I have an ES 7.16.2 cluster running with TLS set up. I haven't set the xpack.security.enabled setting in my elasticsearch.yml file. I'm using the BASIC license. So it should have used the default value of false for that setting according to the docs.

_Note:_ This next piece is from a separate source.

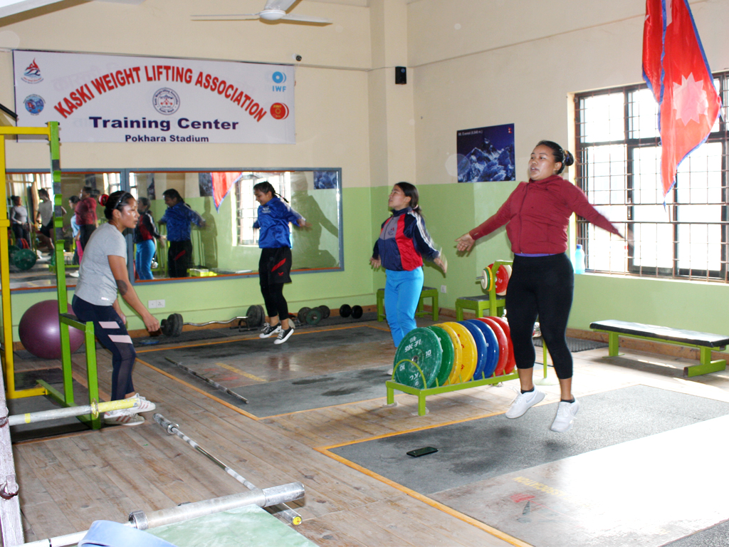 राजविराजमा हुने भारोत्तोलनको लागि खेलाडी प्रशिक्षणमा व्यस्त

I have these other tls settings in the elasticsearch.yml file -
xpack.security.transport.ssl.enabled: true
xpack.security.transport.ssl.verification_mode: certificate
xpack.security.transport.ssl.client_authentication: required
xpack.security.transport.ssl.keystore.path: elastic-certificates.p12
xpack.security.transport.ssl.truststore.path: elastic-certificates.p12
I'm trying to upgrade ES to 8.8.2. But before I do that, I was looking at the deprecation logs and saw this log ( security_implicitly_disabled) saying -
The default behavior of disabling security on basic licenses is deprecated. In a later version of Elasticsearch, the value of [xpack.security.enabled] will default to "true" , regardless of the license level. See https://www.elastic.co/guide/en/elasticsearch/reference/7.16/security-minimal-setup.html to enable security, or explicitly disable security by setting [xpack.security.enabled] to false in elasticsearch.yml
so I was trying to either set it to true or false (whatever works) and proceed with the upgrade, but seems like I'm stuck as neither of the options work for me.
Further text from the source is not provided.